Exercise brief: Below are the records; give again exactly the line with "D'Joy Moissanite 5", the line with "Lattafa Musamam White", and each line that lies between them, and nothing besides.

Excerpted records:

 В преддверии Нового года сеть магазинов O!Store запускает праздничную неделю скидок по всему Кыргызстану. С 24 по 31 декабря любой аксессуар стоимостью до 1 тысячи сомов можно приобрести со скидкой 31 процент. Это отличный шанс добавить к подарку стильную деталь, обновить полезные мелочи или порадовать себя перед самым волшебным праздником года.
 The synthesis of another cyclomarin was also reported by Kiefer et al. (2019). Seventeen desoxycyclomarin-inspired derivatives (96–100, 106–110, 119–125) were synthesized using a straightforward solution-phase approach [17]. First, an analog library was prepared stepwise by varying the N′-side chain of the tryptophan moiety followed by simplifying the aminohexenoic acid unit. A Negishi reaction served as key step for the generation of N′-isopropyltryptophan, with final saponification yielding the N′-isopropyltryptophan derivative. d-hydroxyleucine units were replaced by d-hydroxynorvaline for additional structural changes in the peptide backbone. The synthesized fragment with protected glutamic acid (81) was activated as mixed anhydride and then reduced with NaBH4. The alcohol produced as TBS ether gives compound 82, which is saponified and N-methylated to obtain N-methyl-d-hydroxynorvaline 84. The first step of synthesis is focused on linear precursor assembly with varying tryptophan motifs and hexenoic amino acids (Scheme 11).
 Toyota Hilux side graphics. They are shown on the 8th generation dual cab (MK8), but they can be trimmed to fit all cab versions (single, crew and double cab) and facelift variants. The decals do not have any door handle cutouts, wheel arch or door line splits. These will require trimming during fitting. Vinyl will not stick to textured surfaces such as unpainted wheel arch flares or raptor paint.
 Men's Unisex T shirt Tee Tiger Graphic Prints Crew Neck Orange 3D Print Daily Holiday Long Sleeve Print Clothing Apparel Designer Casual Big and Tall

--

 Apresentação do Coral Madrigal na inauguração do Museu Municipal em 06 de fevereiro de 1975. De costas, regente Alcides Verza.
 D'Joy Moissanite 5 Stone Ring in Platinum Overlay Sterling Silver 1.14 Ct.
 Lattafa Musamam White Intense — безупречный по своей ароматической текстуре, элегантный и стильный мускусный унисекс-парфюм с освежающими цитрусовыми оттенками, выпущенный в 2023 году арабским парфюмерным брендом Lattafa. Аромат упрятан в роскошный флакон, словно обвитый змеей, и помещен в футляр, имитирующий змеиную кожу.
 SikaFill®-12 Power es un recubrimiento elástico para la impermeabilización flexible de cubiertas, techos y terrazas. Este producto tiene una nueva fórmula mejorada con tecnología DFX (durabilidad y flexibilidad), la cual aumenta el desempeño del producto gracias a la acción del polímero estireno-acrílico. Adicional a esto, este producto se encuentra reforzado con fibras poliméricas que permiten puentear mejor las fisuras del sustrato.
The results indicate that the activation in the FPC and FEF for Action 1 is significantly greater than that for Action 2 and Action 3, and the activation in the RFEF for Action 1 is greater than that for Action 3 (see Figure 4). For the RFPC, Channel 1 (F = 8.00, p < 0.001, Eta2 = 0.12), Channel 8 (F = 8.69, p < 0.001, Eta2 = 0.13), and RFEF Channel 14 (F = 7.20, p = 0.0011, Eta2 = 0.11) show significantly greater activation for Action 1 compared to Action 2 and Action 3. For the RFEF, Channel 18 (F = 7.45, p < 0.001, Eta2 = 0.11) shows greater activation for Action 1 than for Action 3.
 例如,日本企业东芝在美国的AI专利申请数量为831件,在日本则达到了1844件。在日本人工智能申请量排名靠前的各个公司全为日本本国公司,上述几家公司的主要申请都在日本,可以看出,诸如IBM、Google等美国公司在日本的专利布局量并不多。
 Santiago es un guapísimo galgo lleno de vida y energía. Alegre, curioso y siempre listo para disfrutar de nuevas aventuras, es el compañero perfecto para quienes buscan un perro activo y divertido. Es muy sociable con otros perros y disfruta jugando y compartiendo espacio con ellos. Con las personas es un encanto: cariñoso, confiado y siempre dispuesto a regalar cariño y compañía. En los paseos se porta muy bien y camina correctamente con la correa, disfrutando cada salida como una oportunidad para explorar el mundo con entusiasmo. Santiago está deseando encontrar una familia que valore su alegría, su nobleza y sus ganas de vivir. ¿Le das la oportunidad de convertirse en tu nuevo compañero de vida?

==

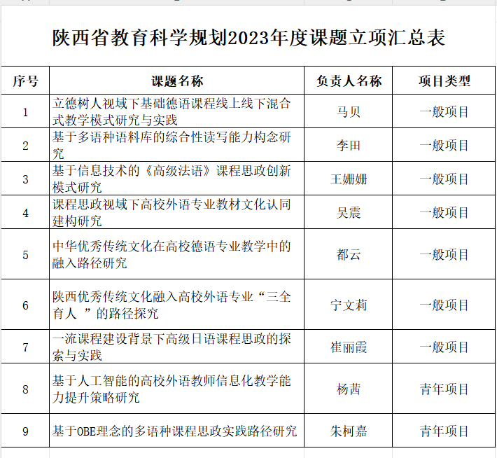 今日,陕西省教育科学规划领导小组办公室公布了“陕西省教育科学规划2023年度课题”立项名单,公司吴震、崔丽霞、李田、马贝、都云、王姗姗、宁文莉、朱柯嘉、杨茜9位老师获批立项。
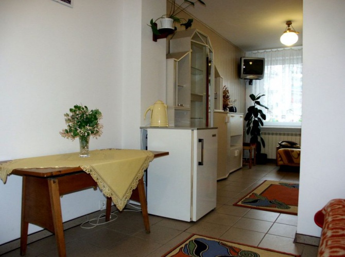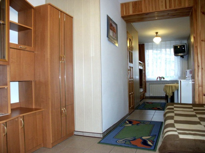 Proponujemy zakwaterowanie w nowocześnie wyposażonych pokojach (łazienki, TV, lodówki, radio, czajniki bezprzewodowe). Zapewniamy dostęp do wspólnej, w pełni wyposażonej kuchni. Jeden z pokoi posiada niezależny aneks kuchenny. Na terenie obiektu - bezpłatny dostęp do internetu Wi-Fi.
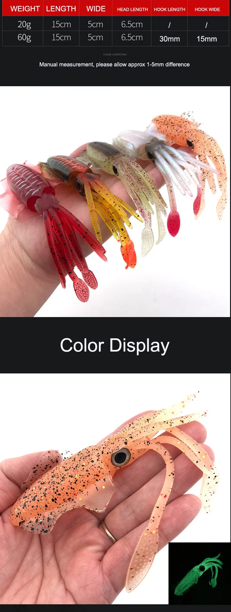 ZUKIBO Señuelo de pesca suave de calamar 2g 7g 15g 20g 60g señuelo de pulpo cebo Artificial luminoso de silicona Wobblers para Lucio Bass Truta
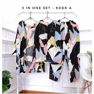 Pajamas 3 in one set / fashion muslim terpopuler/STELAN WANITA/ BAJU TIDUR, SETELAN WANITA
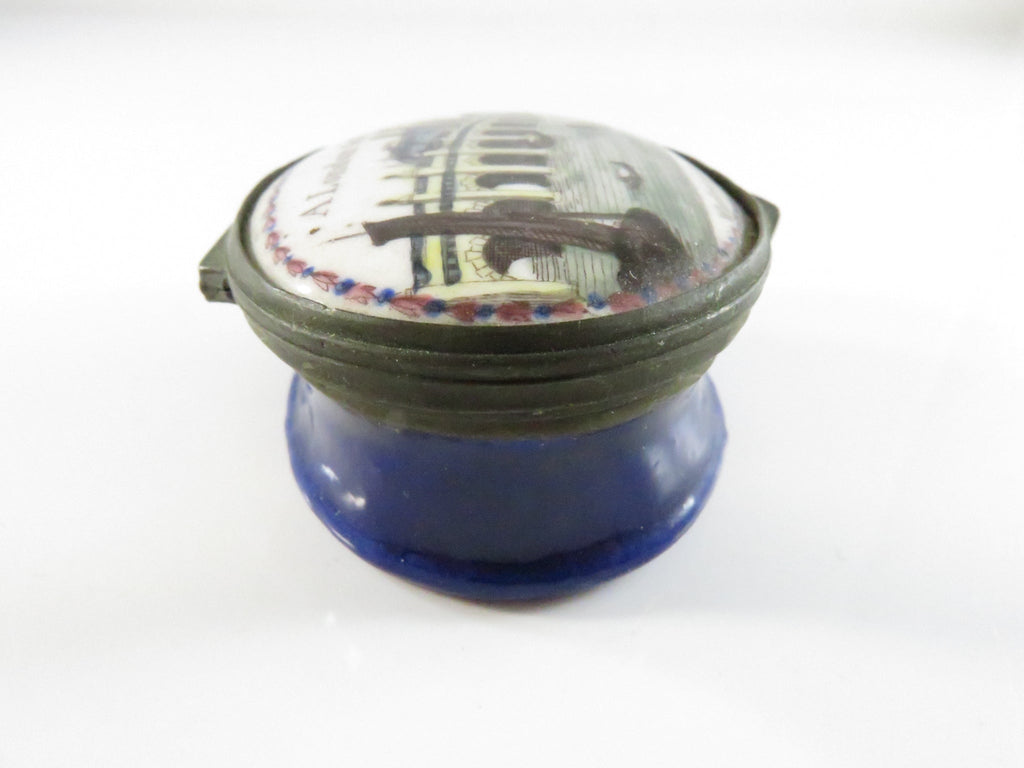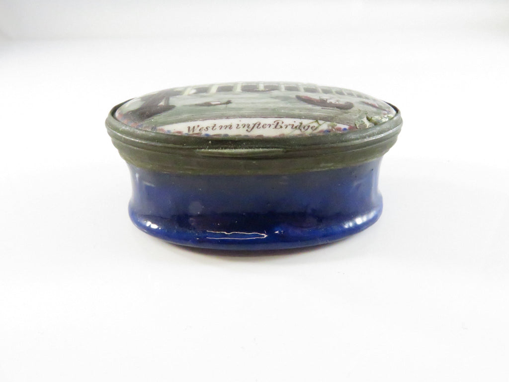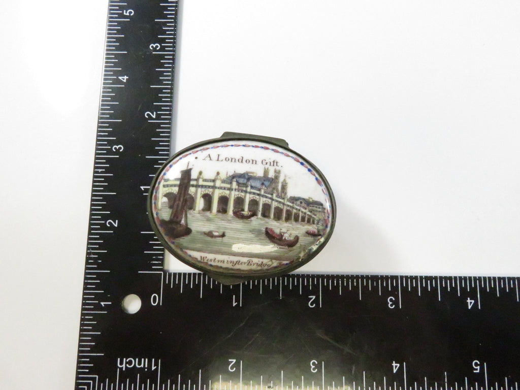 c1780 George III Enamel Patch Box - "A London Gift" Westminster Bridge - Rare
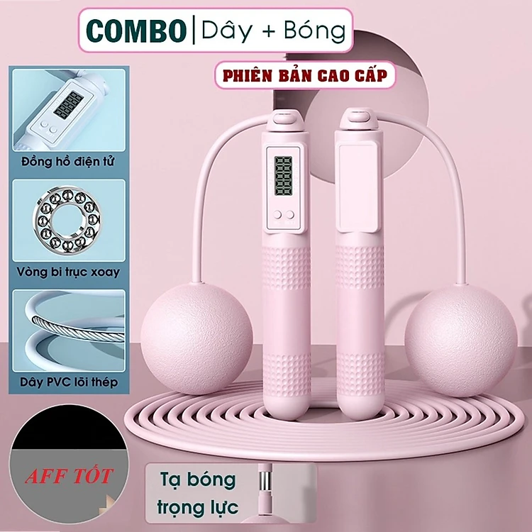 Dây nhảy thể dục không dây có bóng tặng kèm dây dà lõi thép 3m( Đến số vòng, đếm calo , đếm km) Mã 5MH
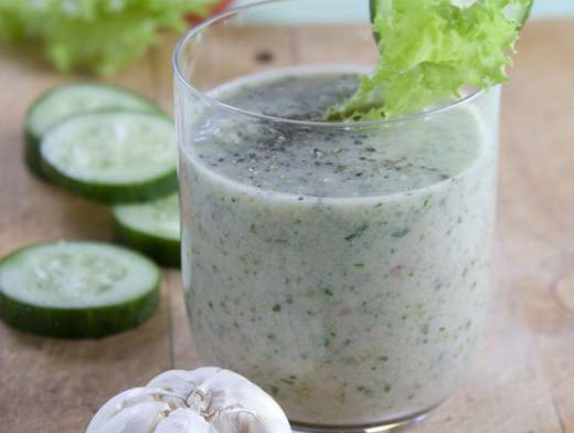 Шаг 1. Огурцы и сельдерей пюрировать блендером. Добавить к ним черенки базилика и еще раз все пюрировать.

Completed task:
 D'Joy Moissanite 5 Stone Ring in Platinum Overlay Sterling Silver 1.14 Ct.
 Lattafa Musamam White Intense — безупречный по своей ароматической текстуре, элегантный и стильный мускусный унисекс-парфюм с освежающими цитрусовыми оттенками, выпущенный в 2023 году арабским парфюмерным брендом Lattafa. Аромат упрятан в роскошный флакон, словно обвитый змеей, и помещен в футляр, имитирующий змеиную кожу.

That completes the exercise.